- Cooking spray or oil, to grease
- 225 g full fat soft cheese
- 100 g mayonnaise
- 100 g Parmesan cheese, finely grated
- 250 g marinated artichoke hearts, drained and chopped
- 50 g red pepper, chopped
- 8 Old El Paso™ Jalapeño Slices, drained and chopped
- 10 g Panko breadcrumbs
- 200 g carrots, peeled and cut into batons
- Carrot Batons
- Cucumber batons
- Toasted pitta bread slices
- Preheat the oven to 180 °C (160 °C for fan assisted ovens), gas mark 4. Grease a 1 litre baking dish with oil.
- Mix the soft cheese together with the mayonnaise and most of the Parmesan in a medium bowl. Stir in the artichokes, pepper and jalapeños. Season with salt and pepper.

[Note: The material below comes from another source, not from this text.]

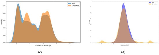 The amino acid composition analysis (Figure 1a) revealed that the generated sequences closely resemble the real conotoxins, especially in the proportions of key amino acids such as cysteine(C) and glutamic acid(E), which play critical roles in conotoxin structure and function [26]. For charge distribution (Figure 1b), both the generated and real sequences exhibited similar profiles, with the majority of sequences having a charge between 0 and +3. This overlap indicates that the generated sequences possess charge properties comparable to real conotoxins. However, the generated sequences show a slightly higher proportion at zero charge, which may be attributable to a bias toward neutral charges in the model itself. Isoelectric point (pI) analysis (Figure 1c) showed that both groups had overlapping distributions in the range of 4 to 10, with a peak at 6–8, further confirming the reasonable physicochemical properties of the generated sequences. Lastly, we computed the hydrophobicity scores of both the generated and real conotoxins using the Kyte–Doolittle hydropathy index. The hydrophobicity distributions (Figure 1d) demonstrated a high degree of similarity, with both groups centered near zero, a property critical for the stability and functionality of conotoxins. Collectively, these results underscore the ability of the ConoGPT model to capture the essential features of real conotoxins in its generated sequences.

- Spoon the artichoke mixture into the dish and sprinkle over the breadcrumbs and remaining Parmesan.
- Bake in the oven for 20 minutes or until the top is lightly golden. Serve warm with carrot and cucumber batons and pitta bread slices.
Make it smooth – whizz the dip ingredients in a blender with 2 handfuls of baby spinach leaves and cook as above.
Serve as a canapé by spreading onto crostini and topping with a shard of crisply baked parma ham.